On 30 September 2021, Escobar Inc., established in Puerto Rico (United States), filed an software with the European Union Mental Property Workplace (EUIPO) for registration of the phrase signal Pablo Escobar as an EU commerce mark for a variety of products and companies.

The Colombian nationwide named Pablo Escobar, who was born on 1 December 1949 and died on 2 December 1993, is presumed to be a drug lord and a narco-terrorist who based and was the only chief of the Medellín cartel (Colombia).

EUIPO rejected the applying for registration on the bottom that the mark was opposite to public coverage and to accepted rules of morality. It relied on the notion of the Spanish public, as it’s the most aware of Pablo Escobar as a result of hyperlinks between Spain and Colombia.

Escobar Inc. introduced an motion towards that call earlier than the Basic Courtroom of the European Union. The Courtroom upholds the refusal to register the commerce mark Pablo Escobar.

Choice

The Courtroom resolve that the identify Pablo Escobar might not be registered as an EU commerce mark as the general public would affiliate it with drug trafficking and narco-terrorism.

Based on the Courtroom, EUIPO might rely, in its evaluation, on the notion of affordable Spaniards, with common sensitivity and tolerance thresholds and who share the indivisible and common values on which the European Union is based (human dignity, freedom, equality and solidarity, and the rules of democracy and the rule of legislation and the best to life and bodily integrity).

EUIPO accurately discovered that these individuals would affiliate the identify of Pablo Escobar with drug trafficking and narco-terrorism and with the crimes and struggling ensuing therefrom, somewhat than along with his attainable good deeds in favour of the poor in Colombia.

For the Courtroom, the commerce mark would due to this fact be perceived as operating counter to the elemental values and ethical requirements prevailing inside Spanish society.

The Courtroom provides that Pablo Escobar’s basic proper to the presumption of innocence has not been infringed as a result of, despite the fact that he was by no means criminally convicted,, he’s publicly perceived in Spain as an emblem of organised crime chargeable for quite a few crimes.


[1] Council Choice 2014/145/CFSP of 17 March 2014 regarding restrictive measures in respect of actions undermining or threatening the territorial integrity, sovereignty and independence of Ukraine (OJ 2022 L 78, p. 16)

[2] Based on Article 2(1)(a) of Choice 2014/145: “1. All funds and financial sources belonging to, or owned, held or managed by: (a) pure individuals chargeable for, supporting or implementing actions or insurance policies which undermine or threaten the territorial integrity, sovereignty and independence of Ukraine, or stability or safety in Ukraine, or which hinder the work of worldwide organisations in Ukraine;”

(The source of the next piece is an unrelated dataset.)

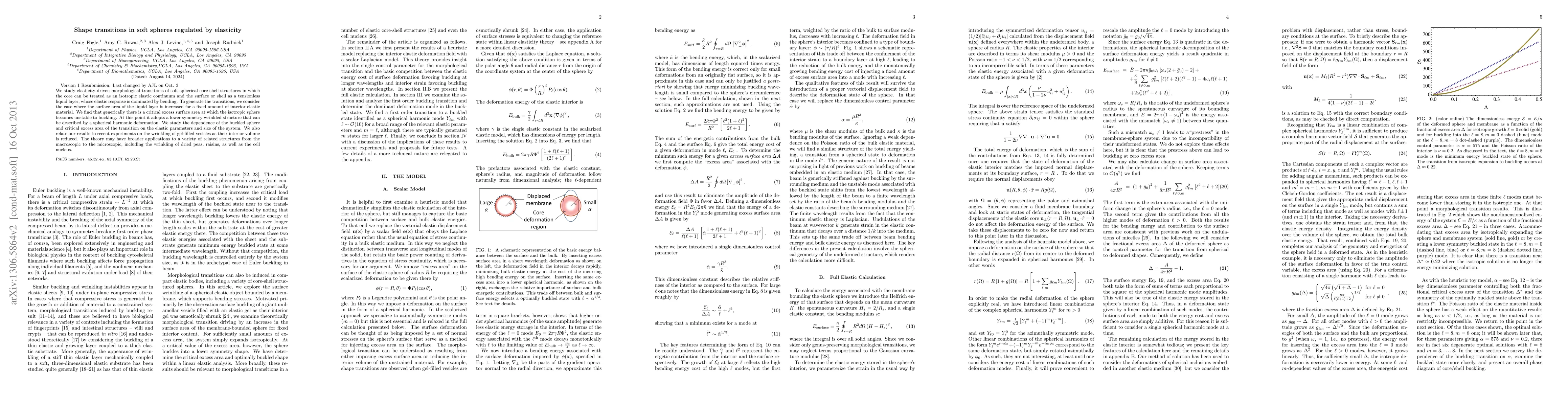We study elasticity-driven morphological transitions of soft spherical core shell structures in which the core can be treated as an isotropic elastic continuum and the surface or shell as a tensionless liquid layer, whose elastic response is dominated by bending. To generate the transitions, we consider the case where the surface area of the liquid layer is increased for a fixed amount of interior elastic material. We find that generically there is a critical excess surface area at which the isotropic sphere becomes unstable to buckling. At this point it adopts a lower symmetry wrinkled structure that can be described by a spherical harmonic deformation. We study the dependence of the buckled sphere and critical excess area of the transition on the elastic parameters and size of the system. We also relate our results to recent experiments on the wrinkling of gel-filled vesicles as their interior volume is reduced. The theory may have broader applications to a variety of related structures from the macroscopic to the microscopic, including the wrinkling of dried peas, raisins, as well as the cell nucleus.
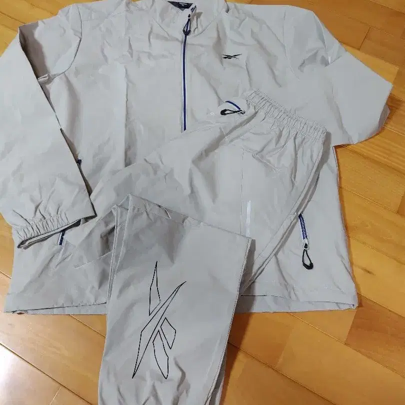 경량 나일론 소재의 자켓과 팬츠 세트입니다. 한 번 사용했지만 다른 저리가 메인이 되어 판매합니다. 안감은 나일론 가공으로 바람을 전혀 통하지 않습니다. 겨울에 딱 좋습니다. 포켓도 지퍼로 사용하기 쉽고, 리복 로고도 돋보입니다. 상당히 새상품급입니다. - 브랜드: Reebok - 색상: 라이트 그레이 [ 화이트 ] - 스타일: 자켓 팬츠 세트 - 특징: 지퍼 포켓 부착 - 디자인: 로고 있음 방문해 주셔서 감사합니다.

[3] Based on Article 2(1)(d) of Choice 2014/145 supplies: : “1. All funds and financial sources belonging to, or owned, held or managed by: (d) pure or authorized individuals, entities or our bodies supporting, materially or financially, or benefitting from Russian decision-makers chargeable for the annexation of Crimea or the destabilisation of Ukraine;”

[4] Judgement of 12 November 2013, North Drilling v. Council, T 552/12, not printed, EU:T:2013:590, p. 25.

[5] Judgement of 18 July 2013, Fee v. Kadi, C-584/10 P, C 593/10 P e C 595/10 P, EU:C:2013:518, p. 119.

[6] Judgement of 30 November 2016, Rotenberg v. Council, T- 720/14, EU:T:2016:689, p. 74.